Accumulator – This register holds the previous operation results in the ALU or Arithmetic Logic Unit. It is also used sometimes as an input register for the adder.

Advanced Technology eXtended – Commonly known as ATX, this is a specific form factor of a motherboard that was designed by Intel in 1995. This particular motherboard is supposed to have improved DE factors standards such as the AT form factor.

AI Accelerator – This is designed to run artificial neural networks, machine vision algorithms, or machine learning.

Amp – This is a specific hardware that enhances the sound quality for a better audio experience. The power amplifier makes the sound louder and better.

Hardware Terms Starting with B:

Blu-Ray Disc – This refers to the optical disc that is used as a storage medium and is designed to take over the DVD system.

Bus – This refers to the common path of the components or the multiple subsystems to receive or send signals. This low cost option is often found in the micro and mini computers.

Hardware Terms Starting with C:

Cache – This refers to a fast and small buffer. It is located between the main memory and the Central Processing Unit. The main purpose of it is to reduce the time to access the frequently used instructions, operands, and other items.

Cache Line – This is the small block of memory that resides within a cache. It is usually 32 to 128 bytes in size and responsible for cache refill, eviction, and granularity.

COMA – This refers to Cache Only Memory Architecture, which is actually multiprocessor memory architecture. It helps in shifting the address space dynamically between the processor nodes as and when required.

Card Reader – This refers to the data input device. The main objective of it is to read the data stored in a storage medium and it is in the shape of a card.

Channel I/O – This is a generic term. It refers to the high-performance input/output architecture. It is employed in different forms on a mainframe computer and a number of other computers.

Chipset – This refers to a group of chips or Integrated Circuits, commonly known as ICs, and is intended to work in tandem as a single product.

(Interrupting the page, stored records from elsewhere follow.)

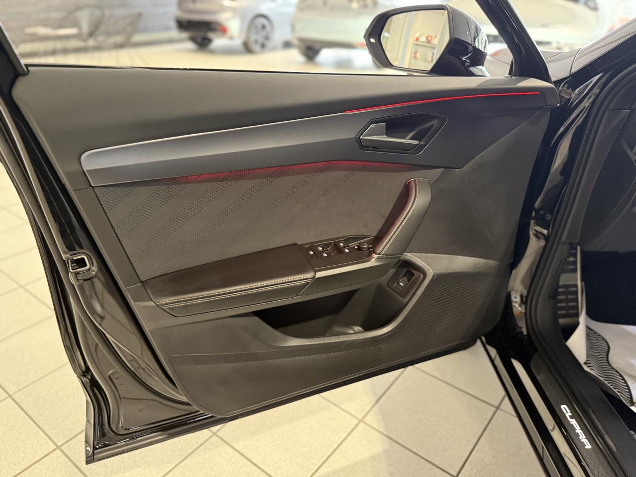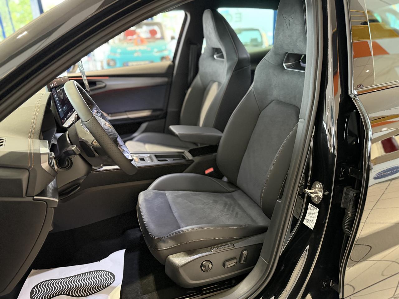 6 haut-parleursAccès et démarrage mains-libresAccoudoir central avantAide au stationnement avant/arrièreAirbag central avantAirbags latéraux et rideauxAppel d'urgence - ecallBandeau arrière 'infinite light' intégrant le logo cupra lumineux avec signature lumineuse tri-led et cérémonie de bienvenueBas de caisses couleur contrastante noir obsidienBluetoothCaméra de reculCiel de pavillon noirClimatisation automatique climatronic tri-zoneConnectivité 4x usb-cConnectivity box avec chargeur à inductionContrôle vocalCoque de rétroviseurs peinte dans le ton contrasté noir obsidienneCupra boxCupra connectDétecteur de pluie et allumage automatique des projecteursDesign intérieur pure contre-portes en tep noir surpiqués<br>planche de bord noire surpiquée avec inserts dark alu<br>siège conducteur à réglage manuels en hauteur et lombaire<br>sièges sports bimatière textile et tep noir aspDiffuseur couleur contrastante noir obsidienDigital cockpit : combiné d?instruments digital haute résolution couleur de 10 25'Direction dynamiqueDossiers de banquette ar rabattables 2/3 1/3Double-sortie d'échappement noire styliséeEclairage d'ambiance intérieur intelligentEclairage de bienvenue avec projection du logo cupra au solElargisseurs d'ailes couleur contrastante noir obsidienEntrées d'air av couleur contrastante noir obsidienFixations isofix et toptether aux sièges arrièreFront assist avec détection des piétons et des cyclistesFull link sans fil (android auto apple carplay)Hayon électrique fonction virtual pedalJantes alliage 18'' tempestKit de sécurité cupraLampe de lecture avant et arrière à ledLane assistant : assistant de maintien dans la voieLight assist : activation ou désactivation automatique des feux de routePack intérieur dark alu avec inserts cuivrésPalettes de changement de rapportsPare-soleil avant avec miroirs de courtoisie éclairésProjecteurs anti-brouillard triangulaires avec éclairage d'intersection et éclairage d'accompagnementProjecteurs full led avec signature tri-ledRégulateur de vitesse adaptatifRétroviseur intérieur électrochromeRadio numérique dabRails de toit et entourage de vitres noir pianoSeuils de porte cupra rétro-éclairésSign assist (reconnaissance des panneaux de signalisation)Système d'info-divertissement avec écran tactile hd 12 9' et touches de commandes tactiles rétro-éclairéesSystème de détection de la somnolence du conducteurVitres arrière surteintéesVolant supersports cupra avec boutons satellitesVolant supersports cupra chauffant en cuir
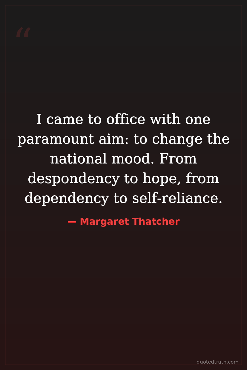 I came to office with one paramount aim: to change the national mood. From despondency to hope, from dependency to self-reliance.
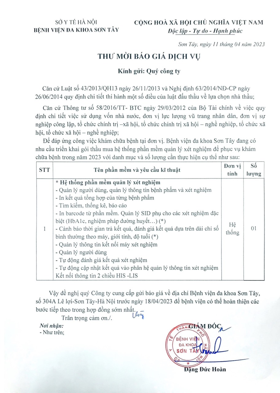 • Thư mời báo giá dịch vụ triển khai gói thầu mua hệ thống phần mềm quản lý xét nghiệm.

Compact Disc Recordable – More commonly known as CD-R, this device is a form of an optical compact disc on which you can write only once.

Compact Disc Rewritable – This is commonly referred to as CD-RW. This is also a form of optical compact disc on which you can write several times.

Compact Disc Read Only Memory – This is usually referred to as CD-ROM. It is basically a compact disc that is pre-pressed and contains data or music. You cannot write on it.

Computer Case – This is called by different names such as cabinet, chassis, tower, box, enclosure, system unit, housing, or simply as a case. It houses all the hardware components of the computer excluding the monitor, mouse, keyboard and other external peripherals.

Computer Fan – This is the in-built active cooling system. The fan forces airflow inside the computer cabinet and all around it.

Computer Form Factor – This is actually a collective term that refers to the number of ports located in the back panel of the computer case, the type of power supply, placement of the mounting holes, their dimensions and others.

Computer Monitor – Also termed as the display of the computer, it refers to the electronic visual device along with its casing, circuitry, and power supply.

While the older models of display use a CRT or Cathode Ray Tube, the newer versions come with a flat panel LED or a Thin Film Transistor Liquid Crystal Display called TFT-LCD display.

Control Store – This refers to the memory that holds the microcode of the CPU.

Conventional PCI – A short for Conventional Peripheral Component Interconnect, a Conventional PCI is also called simply the PCI. This refers to the computer bus which allows attaching different hardware devices to the computer.

Core – This refers to that particular part of the Central Processing Unit which basically performs the arithmetic and logical operations.

A CPU can come with multiple cores. These are the real processing units of the CPU and all of them combined make up a single processor.

Core Memory – This refers to the main memory.

Central Processing Unit – Most commonly known as the CPU, this is also called the ‘brain’ of the computer that carries out all instructions given to the computer by the software and I/O devices.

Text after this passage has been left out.